Today is Astrid's 5th birthday. She's still young enough that each birthday brings back visceral memories of the day she came into our world: I had the flu, and was having nebulizer treatments in between contractions. (They didn't help much.) We had an unmedicated water birth; without the heat from the water, I'm not sure I could have done it unmedicated, as the little girl came very quickly, and I felt like a watermelon split down the middle. (At one point, I announced to Terry and the two midwives that I would not be able to complete the task, as I was about to expire.) In the days after Elliot's birth (during which I did accept some help with pain), I felt like Wonder Woman; after Astrid's, I felt sheepish for making so much noise (a completely bizarre response, as her birth felt twice as painful as Elliot's, and happened twice as fast).

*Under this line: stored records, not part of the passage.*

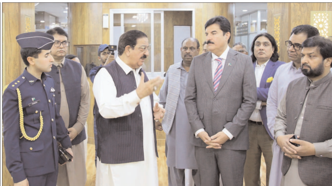
LAHORE: Nazim-e-Ala of Minhaj-ul-Quran giving briefing to Governor KP Faisal Karim Kundi at Farid Milat Research Institute.

tivity, educational linkages, and trade routes. The roundtable also highlighted the necessity of a comprehensive approach rather than reactive measures, advocating for strategies that 'compartmentalise' various aspects of the Pak-Afghan relationship to prevent escalation and ensure cooperation across multiple domains.
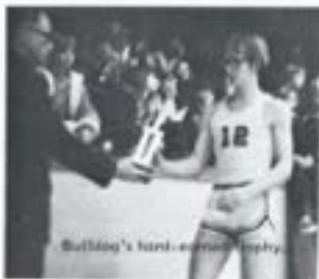
Bulldog's hard-earned trophy.
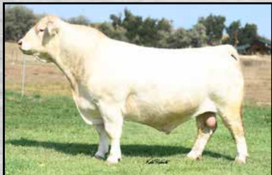
LT Inception 7456 Pld ET

Presented by Reinhart Charolais, Paragould, Arkansas

Now that Astrid's 5, I again feel like Wonder Woman, as she has presented challenges that we never had with Elliot, and has demanded a degree of connectedness from all of us that we weren't entirely prepared for. (Consider her early nicknames: half the time we called her Cozy Kitty, because she was so deliciously snuggly [and still is], while the rest of the time, she cried so much that we called her Disastrid. Once she was a toddler, she could be Sweetiepie Space Girl *and* The Red Menace in the space of a half hour.) While she still has tough moments (and days), she also grows more clever, more creative, more curious--and more beloved--every day.
So it's a very happy day for all of us. Happy Birthday, Astrid!